Some groups with privilege. Some without. Some groups well publicized. Some never heard of.
And while living in Kogho it impressed upon me that there are just some
groups that you don’t get to belong to.
You can insist that you belong, or you can force your way into a
different group. You can do
everything just like the members of another group, but at the end of the day,
you are different, separate, Nassara. But I think there is something connective
about recognizing our differentness while at the same time trying to take the
time to learn and listen to these other groups. So yes, after two years in Burkina I never became a true
native. But that wasn’t why I was
there. And yes during my two years
I had the opportunity to do some pretty cool work, but I didn’t really solve
any problems. I was given a unique
opportunity to go out and share something with this little village and they
were able to share something in return.
And allowing my village to remind me every day that that was all that I
did and that I was simply a small part of a larger whole leaves a bigger impact
than convincing myself that I was there to be one of them and to solve their
problems.
But what am I doing, I just spent
all of this time talking about how these kinds of things are meant to be
conversations rather than a one sided lecture.
And as I have mentioned, my experience is very limited to..well
my experience.
A white, American,
male serving in the Peace Corps in Kogho, Burkina Faso.
So I would like to invite you, my
dedicated readers, to participate in this conversation.
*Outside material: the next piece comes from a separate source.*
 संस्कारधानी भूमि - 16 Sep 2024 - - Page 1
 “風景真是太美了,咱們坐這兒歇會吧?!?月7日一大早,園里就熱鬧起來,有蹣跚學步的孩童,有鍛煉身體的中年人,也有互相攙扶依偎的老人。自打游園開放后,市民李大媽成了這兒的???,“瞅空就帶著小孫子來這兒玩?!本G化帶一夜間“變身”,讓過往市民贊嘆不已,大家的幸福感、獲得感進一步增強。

Maybe I missed something, maybe I
wildly oversimplified an extremely not simple problem, or maybe I am way less
smart than I like to sometimes think that I am and you would simply like to
inform me that I am wrong.
Feel
free to use the comments section as a forum or even email me your responses at
rkennedy12345@gmail.com.
I will respond, and if you want to
compose a response highlighting how wrong that I am I will even post those
later, either anonymously or with your name attached so that others can enjoy
our attempts at defining the indefinable.
Well here’s to hoping this idea actually works.
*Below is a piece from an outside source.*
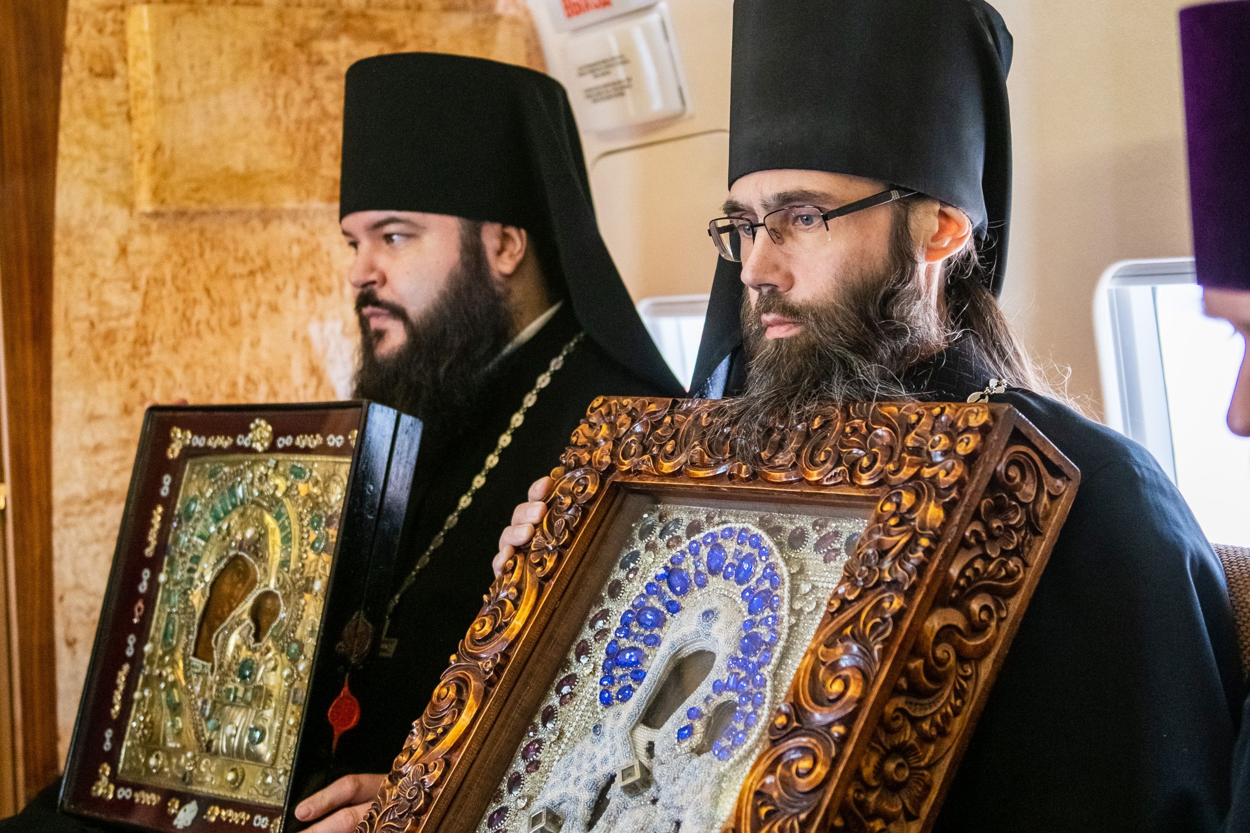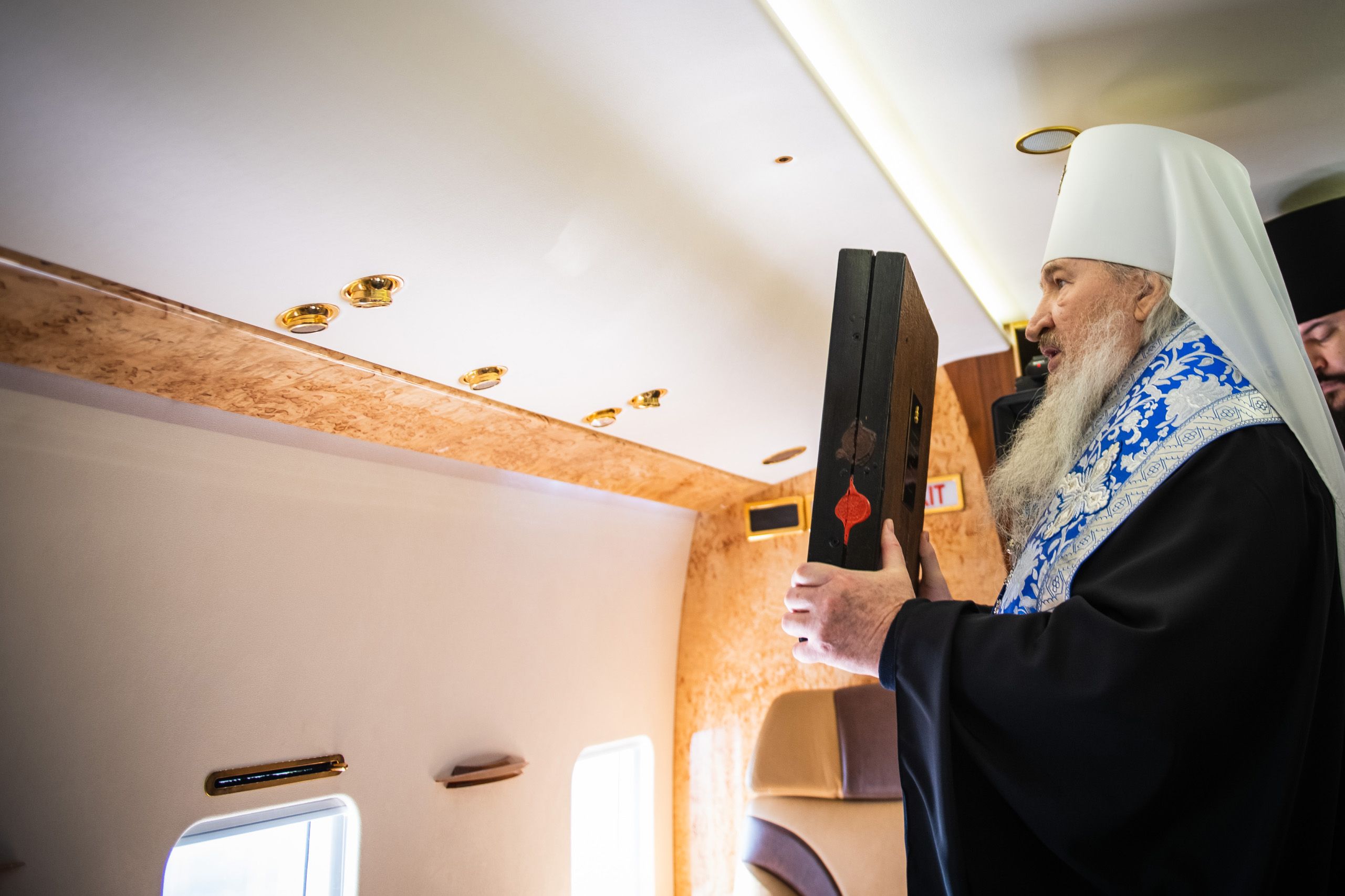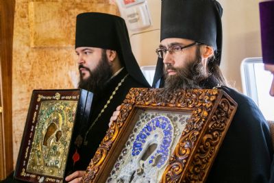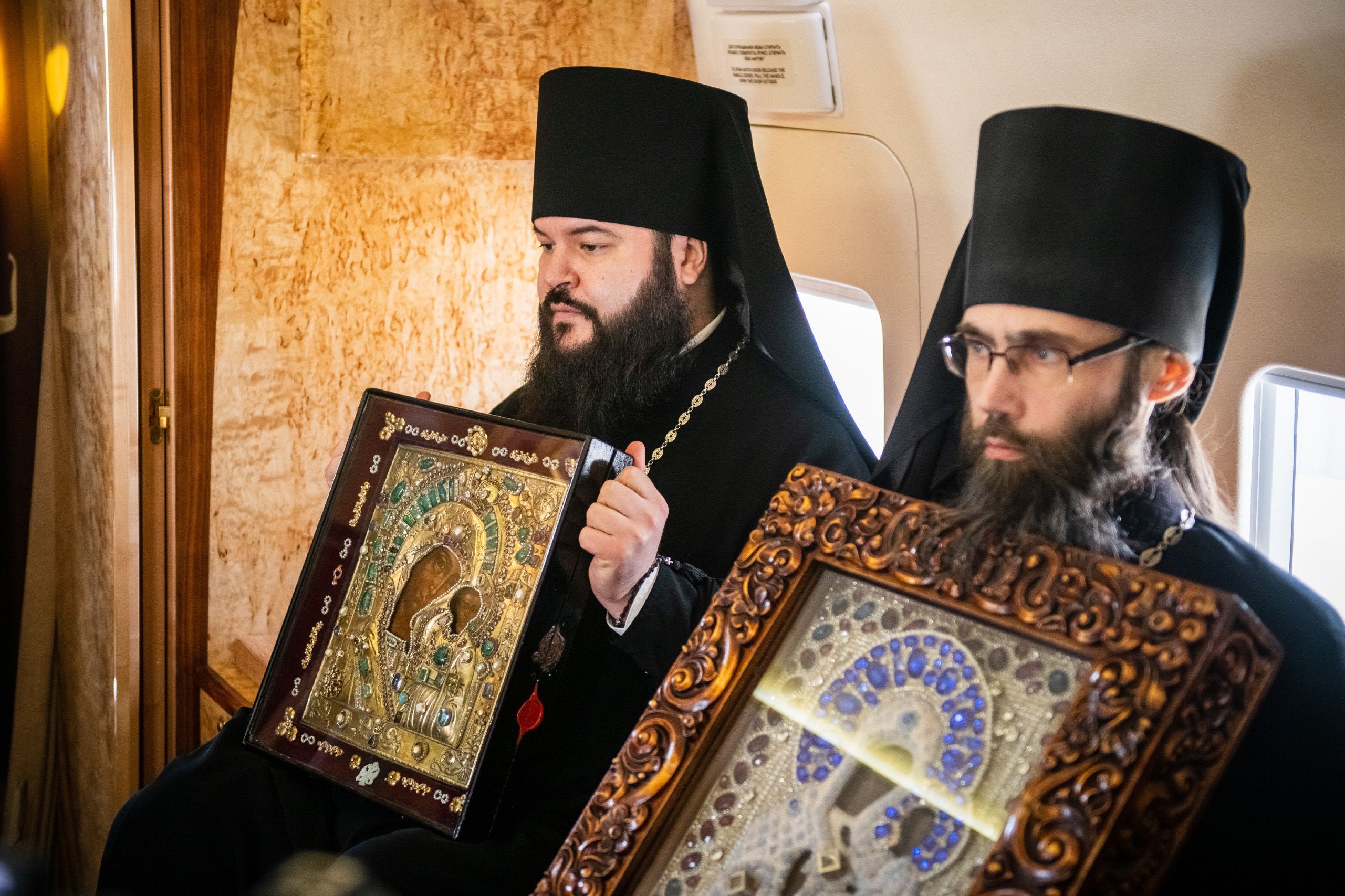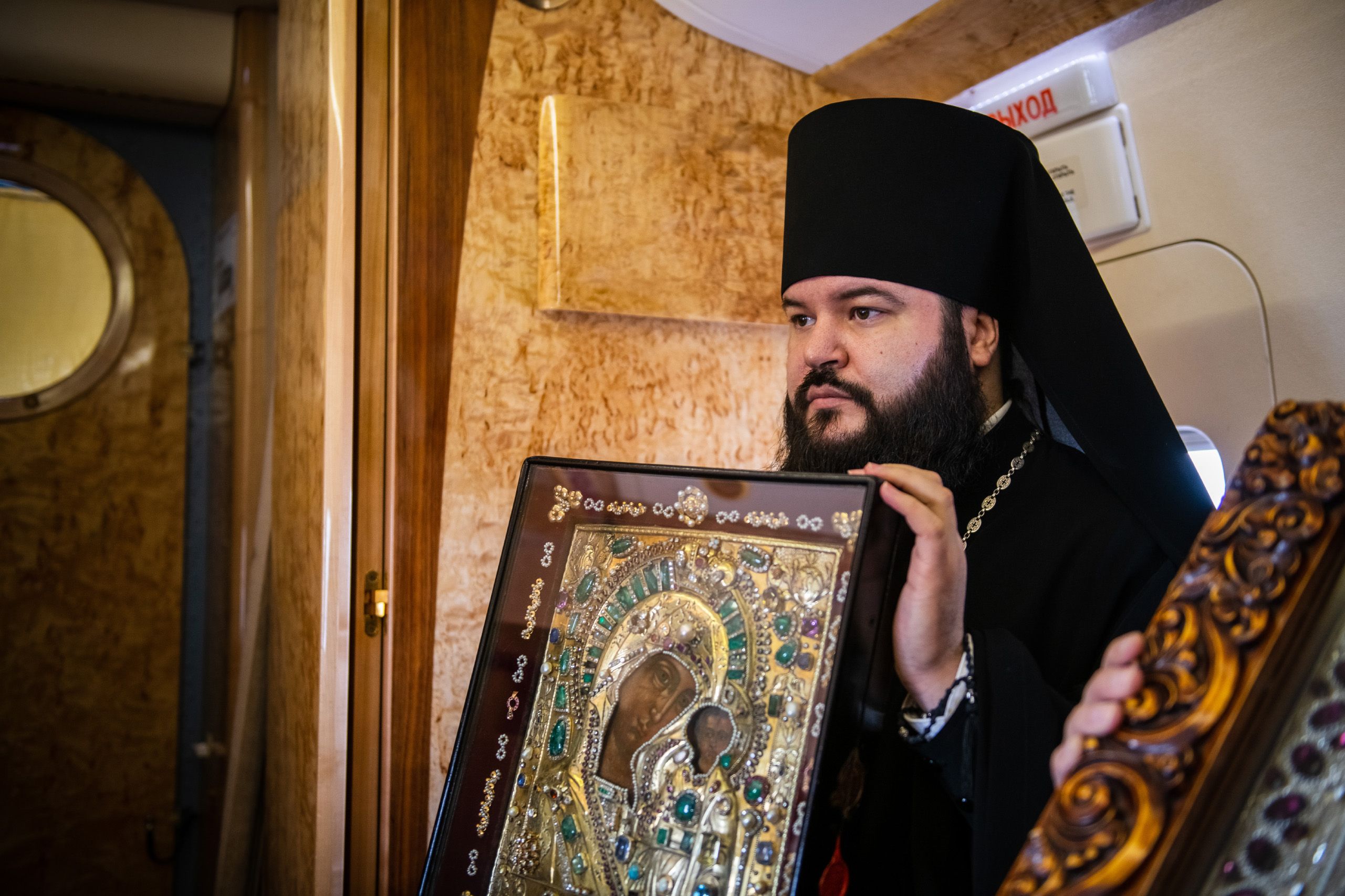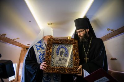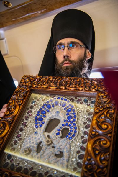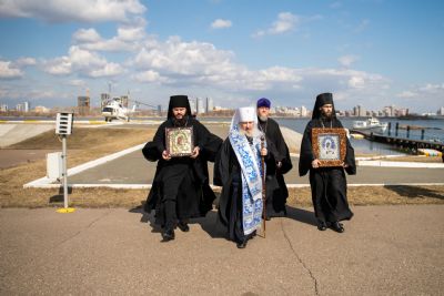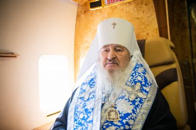 В воздухе святыни сопровождали секретарь Казанского епархиального управления протоиерей Владимир Самойленко, наместник Казанско-Богородицкого мужского монастыря игумен Марк (Виленский), благочинный I Казанского округа протоиерей Алексий Чубаков, наместник Введенского Кизического мужского монастыря игумен Пимен (Ивентьев).

Cheers, and until next week.
Fun picture. This was taken during my ride home from my neighboring town about 10km away. It was always a nice relaxing ride once I got over the fear of becoming lost in the bush. But also a good add on to this conversation. I could ride this route 100 times with a bushel of hay on my head and I would still never know what it was like to be the guy in this picture. Only he knows, so why not spend the time to ask him?